Arrest Irène Vlassopoulou

Irène Vlassopoulou
Datum 7 mei 1991
Partijen Irène Vlassopoulou tegen Ministerium für Justiz, Bundes- und Europaangelegenheiten Baden-Württemberg
Zaak   C-340/89
Instantie Europees Hof van Justitie
Adv.-gen. W. van Gerven[1]
Procedure prejudiciële vraag uit Duitsland
Procestaal Duits
Regelgeving   art. 52 EEG-verdrag
Onderwerp   vrijheid van vestiging – erkenning van diploma's – advocaten
Vindplaats   Jur. 1991, p. I-02357
ECLI   ECLI:EU:C:1991:193
CELEX   61989CJ0340

Het arrest Irène Vlassopoulou is een uitspraak van het Europees Hof van Justitie van 7 mei 1991 (zaak C-340/89), inzake:

  • de vrijheid van vestiging van een Grieks advocate in Duitsland,
  • erkenning van diploma's in het ontvangende land.

Casus en procesverloop

[bewerken | brontekst bewerken]

Irène Vlassopoulou was in Griekenland als advocate ingeschreven. Naast haar Griekse diploma's had ze in Tübingen het diploma van doctor in de rechtsgeleerdheid behaald. Ze werkte vanaf 1983 bij een Duits advocatenkantoor in Mannheim. Op 13 mei 1988 verzocht Vlassopoulou het bevoegde ministerie om toelating tot de balie. Dit verzoek werd afgewezen. Het Ehrengerichtshof (raad van orde van advocaten) heeft haar verzoek om een rechterlijke beslissing afwezen. Zij stelde daarop beroep in bij het Bundesgerichtshof. Deze rechter heeft het Hof van Justitie verzocht om een prejudiciële beslissing.

Is een dergelijke gang van zaken in strijd met artikel 52 EEG-verdrag? (Ja.)

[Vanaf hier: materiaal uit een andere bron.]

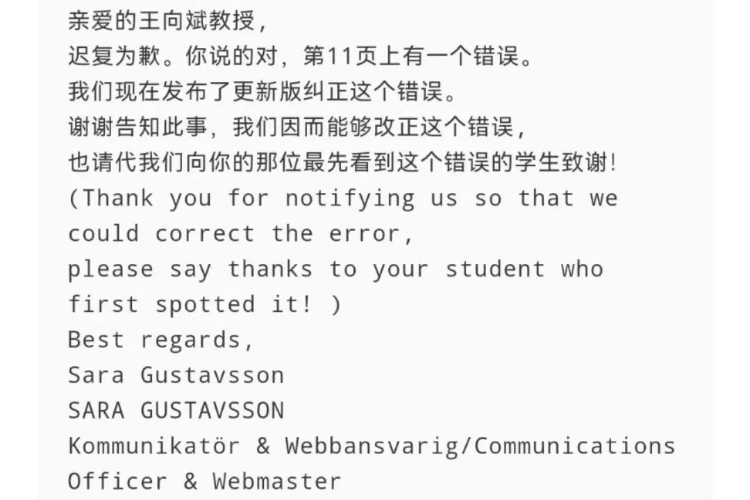 于是王向斌幫助木清把發現的問題反饋給了瑞典皇家科學院。對方誠摯接受并按照建議更新了報告版本。
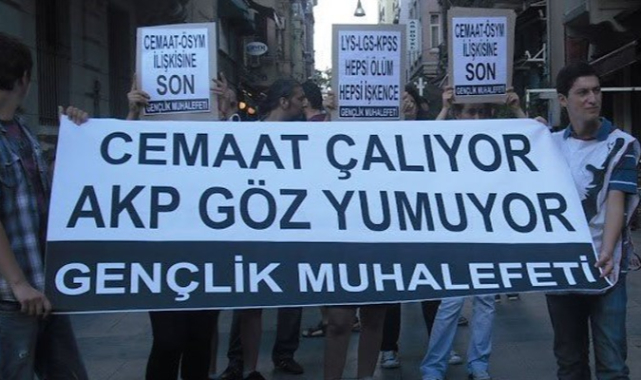 *Fotoğraf: 2010’daki kopya skandalının ardından Gençlik Muhalefeti’nin, FETÖ’ye ait FEM Dershaneleri’nin Taksim Şubesi önünde yaptığı eylemden.
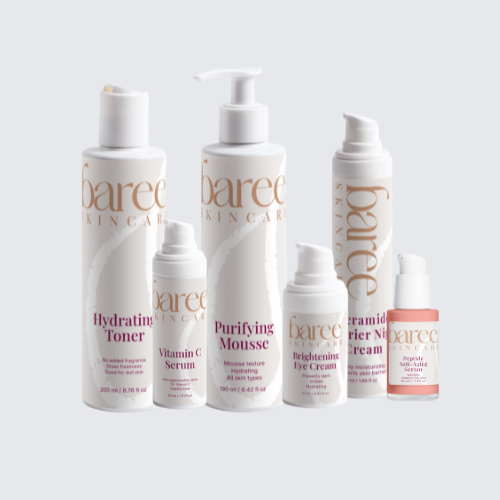 Your all-in-one skincare system from sunrise to bedtime. The AM to PM Complete Routine combines six essentials — Purifying Mousse, Hydrating Toner, Vitamin C Serum, Peptide Serum, Brightening Eye Cream, and Ceramide Barrier Night Cream — for balanced, radiant, and age-defying results, day and night.
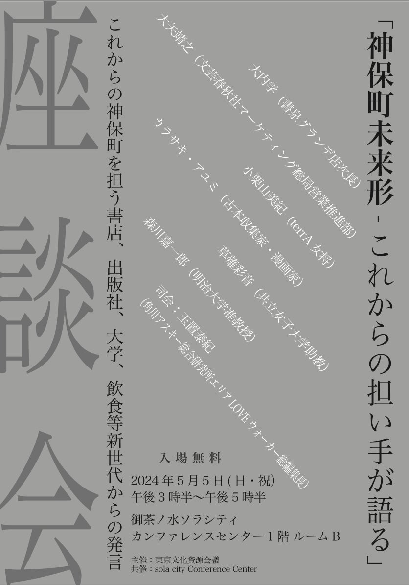 東京文化資源会議では、座談会「神保町未来形 ーこれからの担い手が語る」を、ひじりばし博覧会2024の企画の一つとして、2024年5月5日(日)午後3時半から、御茶ノ水ソラシティ カンファランスセンター1階 Room Bで開催いたします。
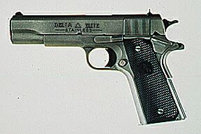 A large caliber pistol based upon the Colt M1911A1, but slightly modified to fire the 10 mm round. Just like the M1911A1 it is available in several finishes, and a large amount of parts are interchangable between the two guns. It uses 8 round magazines, altough 9 round magazines are available.
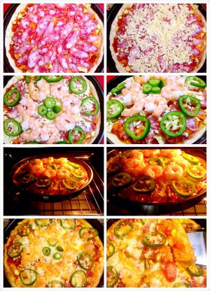 鲜虾广式腊肠披萨做法步骤
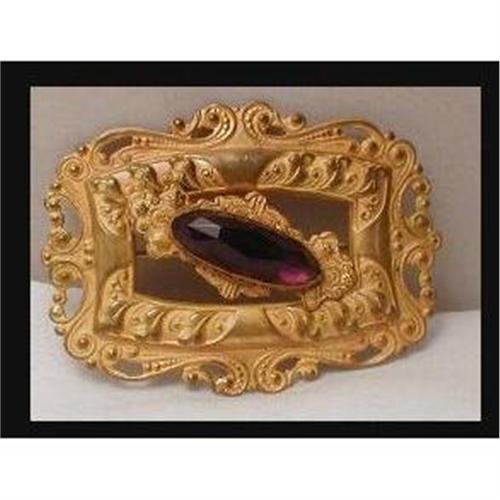<tr><td>Title:Victorian Gilt Sash PIN with Faceted amethyst </td></tr>
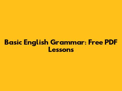 Basic English Grammar: Free PDF Lessons
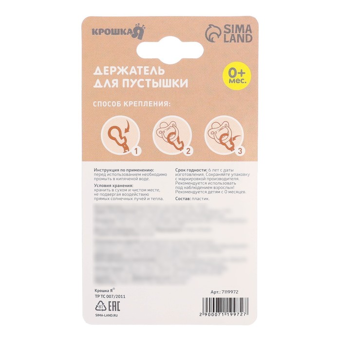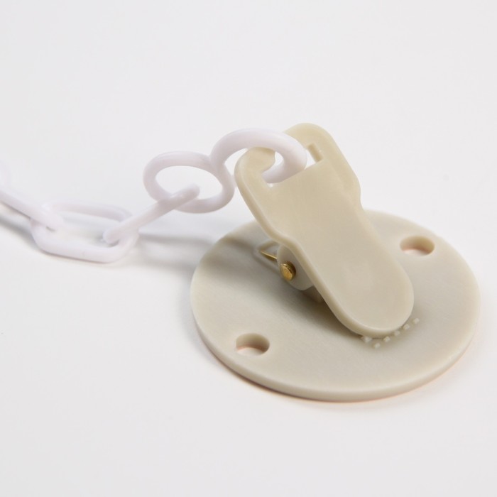 Прищепка для пустышки предотвратит потерю маленького предмета. Используйте специальный держатель, и соска всегда будет под рукой!Изделие фиксируется на одежде ребёнка. На конце цепочки есть карабин, который зацепляется за кольцо пустышки. Надёжное крепление убережёт вещь от падения на пол, если малютка случайно выронит её изо рта.С держателем можно играть, притягательный дизайн точно понравится малышу.Товар изготовлен из качественного нетоксичного материала. Подходит для деток с рождения.
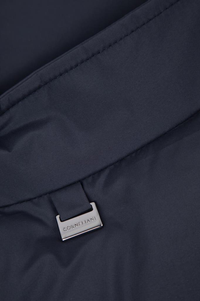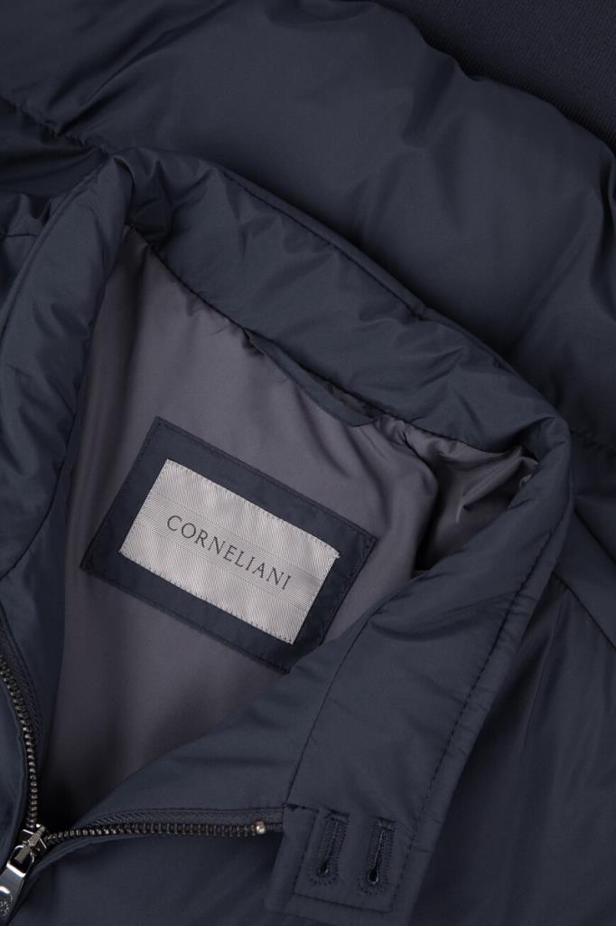 Бомбер тёмно-синего цвета от CORNELIANI со стёгаными рукавами и спинкой. Модель, изготовленная из прочного полиэфира, застёгивается на втречную молнию с двумя брендированными пуллерами. Дополнительный комфорт и удобство в носке обеспечивают широкий эластичный пояс и манжеты-резинки. Принадлежность изделия Дому обозначена серебристым лейблом с гравировкой сзади.
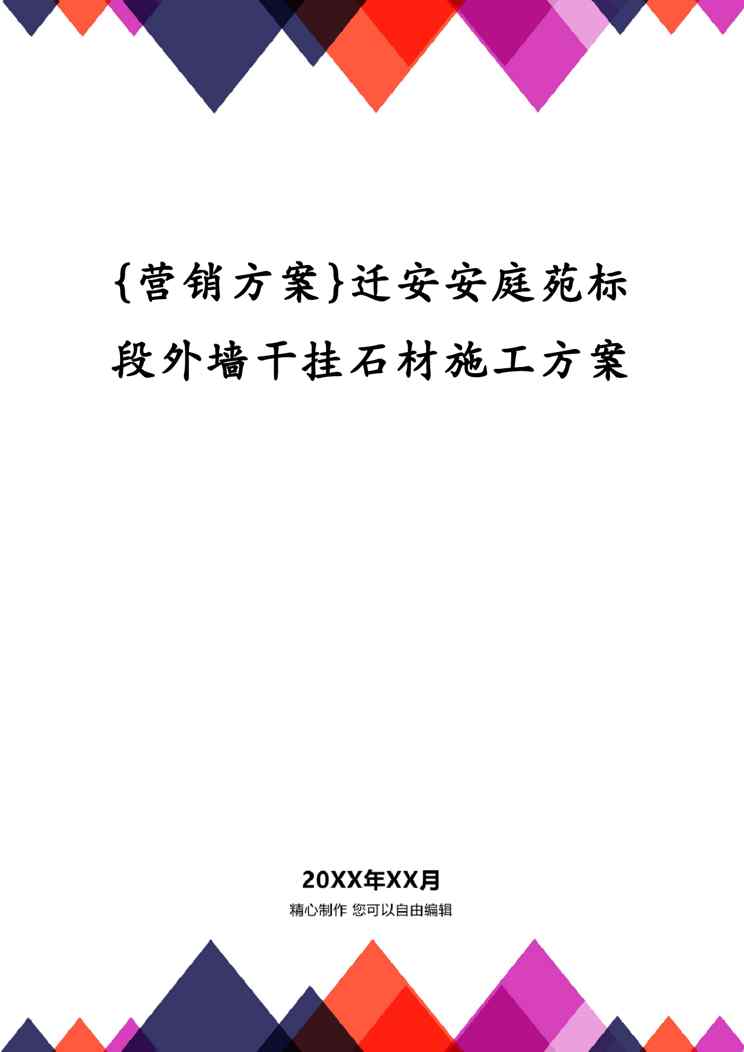 不久前,最新文档《{营销方案}迁安安庭苑标段外墙干挂石材施工方案》全文正式在本站发布,感兴趣的用户可以下载阅读。 声明:本站所有文章,如无特殊说明或标注,均为本站原创发布。任何个人或组织,在未征得本站同意时,禁止复制、盗用、采集、发布本站内容到任何网站、书籍等各类媒体平台。如若本站内容侵犯了原著者的合法权益,可联系我们进行处理。

Is het in strijd met de vrijheid van vestiging in de zin van artikel 52 EEG-verdrag, wanneer een onderdaan van de Gemeenschap, die reeds in zijn land van herkomst als advocaat is toegelaten en werkzaam is, en die in het land van vestiging sinds vijf jaar als raadsman is toegelaten en tevens bij een aldaar gevestigd advocatenkantoor werkzaam is, enkel overeenkomstig de wettelijke regels van het land van vestiging tot de advocatuur in dat land wordt toegelaten?

Uitspraak Hof

[bewerken | brontekst bewerken]

Artikel 52 EEG-verdrag moet aldus worden uitgelegd,
dat de nationale autoriteiten van een Lid-Staat, bij wie een vergunning tot het uitoefenen van het beroep van advocaat wordt aangevraagd door een gemeenschapsonderdaan die in zijn land van herkomst reeds tot de uitoefening van dat beroep is toegelaten en in genoemde Lid-Staat reeds als rechtskundig adviseur werkzaam is, dienen te onderzoeken in hoeverre de uit het door de belanghebbende in zijn land van herkomst behaalde diploma blijkende kennis en bekwaamheden overeenkomen met die welke door de wettelijke regeling van het gastland worden vereist; indien die diploma's slechts gedeeltelijk overeenkomen, kunnen bedoelde nationale autoriteiten van de betrokkene het bewijs verlangen, dat hij de ontbrekende kennis en bekwaamheden heeft verworven.

De casus handelt over vrijheid van vestiging en niet over het vrije verkeer van diensten. In het laatste geval gaat het om diensten die vanuit een andere lidstaat worden aangeboden. Zie het arrest Gebhard (1995).